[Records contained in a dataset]

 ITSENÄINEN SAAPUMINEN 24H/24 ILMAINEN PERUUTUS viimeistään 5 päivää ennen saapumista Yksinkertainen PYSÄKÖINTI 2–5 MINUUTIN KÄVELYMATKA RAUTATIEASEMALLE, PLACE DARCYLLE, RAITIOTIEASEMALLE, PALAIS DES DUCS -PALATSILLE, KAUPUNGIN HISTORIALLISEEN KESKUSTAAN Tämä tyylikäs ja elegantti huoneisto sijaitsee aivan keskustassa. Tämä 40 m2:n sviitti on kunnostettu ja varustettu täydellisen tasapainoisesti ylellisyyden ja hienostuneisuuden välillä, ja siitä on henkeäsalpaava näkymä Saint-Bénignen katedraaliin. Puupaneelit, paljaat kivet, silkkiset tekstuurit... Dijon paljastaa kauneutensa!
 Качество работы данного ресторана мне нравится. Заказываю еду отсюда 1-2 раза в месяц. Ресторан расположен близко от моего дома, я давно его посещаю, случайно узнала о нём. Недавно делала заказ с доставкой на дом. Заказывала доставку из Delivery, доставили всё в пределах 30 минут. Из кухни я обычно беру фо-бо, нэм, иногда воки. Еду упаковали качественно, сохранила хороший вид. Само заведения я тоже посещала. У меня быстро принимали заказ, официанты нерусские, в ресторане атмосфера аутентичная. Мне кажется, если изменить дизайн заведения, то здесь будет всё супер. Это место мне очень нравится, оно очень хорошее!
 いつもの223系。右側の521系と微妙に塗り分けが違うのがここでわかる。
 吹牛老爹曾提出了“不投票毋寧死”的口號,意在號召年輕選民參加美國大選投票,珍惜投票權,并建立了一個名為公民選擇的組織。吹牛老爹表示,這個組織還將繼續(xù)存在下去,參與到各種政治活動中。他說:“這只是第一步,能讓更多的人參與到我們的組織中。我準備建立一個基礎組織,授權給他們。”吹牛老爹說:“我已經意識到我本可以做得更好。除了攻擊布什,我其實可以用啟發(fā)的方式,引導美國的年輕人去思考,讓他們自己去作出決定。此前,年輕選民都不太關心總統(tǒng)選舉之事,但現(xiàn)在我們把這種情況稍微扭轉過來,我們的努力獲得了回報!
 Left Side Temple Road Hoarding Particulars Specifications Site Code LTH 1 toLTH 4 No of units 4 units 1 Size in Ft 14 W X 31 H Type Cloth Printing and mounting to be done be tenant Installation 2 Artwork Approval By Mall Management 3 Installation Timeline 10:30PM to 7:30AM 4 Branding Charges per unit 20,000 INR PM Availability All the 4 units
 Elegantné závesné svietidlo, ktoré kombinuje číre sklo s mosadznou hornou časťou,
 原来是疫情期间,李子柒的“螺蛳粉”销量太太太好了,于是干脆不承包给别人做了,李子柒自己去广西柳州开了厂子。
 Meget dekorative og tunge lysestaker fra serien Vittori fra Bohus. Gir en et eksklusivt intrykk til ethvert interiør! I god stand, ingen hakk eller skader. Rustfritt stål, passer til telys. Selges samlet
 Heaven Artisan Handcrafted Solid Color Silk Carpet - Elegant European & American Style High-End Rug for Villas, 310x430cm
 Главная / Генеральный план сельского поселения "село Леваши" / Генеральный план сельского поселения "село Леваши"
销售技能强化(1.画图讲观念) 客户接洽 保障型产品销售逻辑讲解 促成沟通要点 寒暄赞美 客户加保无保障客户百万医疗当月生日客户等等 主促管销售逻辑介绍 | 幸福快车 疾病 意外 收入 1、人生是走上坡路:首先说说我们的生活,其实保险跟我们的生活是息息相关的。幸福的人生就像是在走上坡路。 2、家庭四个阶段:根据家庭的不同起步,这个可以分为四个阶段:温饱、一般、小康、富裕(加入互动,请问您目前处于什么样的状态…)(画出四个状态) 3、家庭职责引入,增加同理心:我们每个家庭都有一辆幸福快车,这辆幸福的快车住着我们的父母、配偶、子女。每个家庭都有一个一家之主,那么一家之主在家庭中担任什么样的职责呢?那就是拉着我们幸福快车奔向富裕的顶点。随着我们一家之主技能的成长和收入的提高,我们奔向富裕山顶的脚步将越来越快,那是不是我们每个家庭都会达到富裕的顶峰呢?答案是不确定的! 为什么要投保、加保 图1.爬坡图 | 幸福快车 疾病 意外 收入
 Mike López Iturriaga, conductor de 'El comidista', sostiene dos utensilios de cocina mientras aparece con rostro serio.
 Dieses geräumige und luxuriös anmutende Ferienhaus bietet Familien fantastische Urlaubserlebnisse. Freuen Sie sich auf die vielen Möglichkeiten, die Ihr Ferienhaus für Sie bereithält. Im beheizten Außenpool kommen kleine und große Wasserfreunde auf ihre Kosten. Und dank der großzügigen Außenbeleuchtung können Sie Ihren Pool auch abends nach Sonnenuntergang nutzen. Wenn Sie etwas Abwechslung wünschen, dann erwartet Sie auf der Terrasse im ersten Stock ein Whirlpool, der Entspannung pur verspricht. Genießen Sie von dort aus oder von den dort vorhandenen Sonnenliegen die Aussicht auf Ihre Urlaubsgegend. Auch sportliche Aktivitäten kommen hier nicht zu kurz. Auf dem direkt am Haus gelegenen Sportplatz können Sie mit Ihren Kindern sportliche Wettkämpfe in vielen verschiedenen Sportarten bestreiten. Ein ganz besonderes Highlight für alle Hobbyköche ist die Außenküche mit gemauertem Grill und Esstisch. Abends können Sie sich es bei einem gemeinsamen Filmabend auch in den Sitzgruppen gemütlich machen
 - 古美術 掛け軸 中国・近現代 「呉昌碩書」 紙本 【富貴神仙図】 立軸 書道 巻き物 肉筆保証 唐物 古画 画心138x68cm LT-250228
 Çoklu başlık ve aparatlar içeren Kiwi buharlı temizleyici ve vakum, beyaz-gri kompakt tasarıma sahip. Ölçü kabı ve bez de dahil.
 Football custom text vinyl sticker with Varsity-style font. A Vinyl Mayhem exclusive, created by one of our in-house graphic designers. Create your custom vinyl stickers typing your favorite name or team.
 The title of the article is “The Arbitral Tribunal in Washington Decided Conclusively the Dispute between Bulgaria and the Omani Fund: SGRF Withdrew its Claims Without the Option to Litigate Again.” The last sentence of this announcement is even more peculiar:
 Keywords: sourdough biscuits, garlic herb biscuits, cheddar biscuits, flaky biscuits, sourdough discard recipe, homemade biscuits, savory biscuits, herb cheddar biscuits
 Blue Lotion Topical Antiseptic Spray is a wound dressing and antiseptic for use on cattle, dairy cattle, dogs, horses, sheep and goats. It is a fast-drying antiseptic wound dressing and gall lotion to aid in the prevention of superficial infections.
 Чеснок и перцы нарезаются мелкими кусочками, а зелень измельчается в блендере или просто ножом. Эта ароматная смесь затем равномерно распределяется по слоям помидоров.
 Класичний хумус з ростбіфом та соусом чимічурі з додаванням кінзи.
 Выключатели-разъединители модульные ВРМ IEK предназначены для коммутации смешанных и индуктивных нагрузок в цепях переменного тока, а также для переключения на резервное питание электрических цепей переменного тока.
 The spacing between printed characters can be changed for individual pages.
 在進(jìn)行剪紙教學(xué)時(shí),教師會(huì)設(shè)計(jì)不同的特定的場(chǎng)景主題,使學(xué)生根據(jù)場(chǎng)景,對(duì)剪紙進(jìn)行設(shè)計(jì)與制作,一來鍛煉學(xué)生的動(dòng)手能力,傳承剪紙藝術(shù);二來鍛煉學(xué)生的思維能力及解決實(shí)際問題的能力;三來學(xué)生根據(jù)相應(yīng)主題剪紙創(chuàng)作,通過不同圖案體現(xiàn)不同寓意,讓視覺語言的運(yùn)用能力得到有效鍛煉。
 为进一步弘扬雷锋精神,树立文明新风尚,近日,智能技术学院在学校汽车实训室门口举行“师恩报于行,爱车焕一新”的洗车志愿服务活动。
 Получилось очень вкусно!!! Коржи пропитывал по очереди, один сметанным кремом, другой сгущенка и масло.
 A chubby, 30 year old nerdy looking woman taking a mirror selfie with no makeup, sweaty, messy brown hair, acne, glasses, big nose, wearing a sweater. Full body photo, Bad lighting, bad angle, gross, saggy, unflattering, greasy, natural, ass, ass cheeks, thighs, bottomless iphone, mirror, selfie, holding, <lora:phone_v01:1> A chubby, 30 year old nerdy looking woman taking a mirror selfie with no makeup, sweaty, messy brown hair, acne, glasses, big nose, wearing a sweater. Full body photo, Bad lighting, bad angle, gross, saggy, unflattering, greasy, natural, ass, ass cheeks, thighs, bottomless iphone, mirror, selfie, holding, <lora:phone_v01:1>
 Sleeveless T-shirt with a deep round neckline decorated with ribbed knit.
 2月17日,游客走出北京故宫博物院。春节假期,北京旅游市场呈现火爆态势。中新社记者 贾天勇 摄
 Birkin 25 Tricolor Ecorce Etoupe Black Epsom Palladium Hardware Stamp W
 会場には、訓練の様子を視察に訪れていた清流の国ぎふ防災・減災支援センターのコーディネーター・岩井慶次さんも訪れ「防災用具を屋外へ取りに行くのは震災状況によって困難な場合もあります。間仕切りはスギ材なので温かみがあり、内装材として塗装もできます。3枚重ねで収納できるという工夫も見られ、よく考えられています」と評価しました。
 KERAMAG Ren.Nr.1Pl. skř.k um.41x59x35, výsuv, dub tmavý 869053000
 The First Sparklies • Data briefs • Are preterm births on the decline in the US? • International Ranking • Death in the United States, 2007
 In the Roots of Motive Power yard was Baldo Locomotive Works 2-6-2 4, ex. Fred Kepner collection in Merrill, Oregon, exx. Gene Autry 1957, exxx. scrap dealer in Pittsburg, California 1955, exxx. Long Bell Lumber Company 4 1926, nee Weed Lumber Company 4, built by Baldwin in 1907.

◆ **Assignment**: If a line in the records includes "xiàn", it counts toward the total; report that total by itself.

◆ **Worked solution**: 2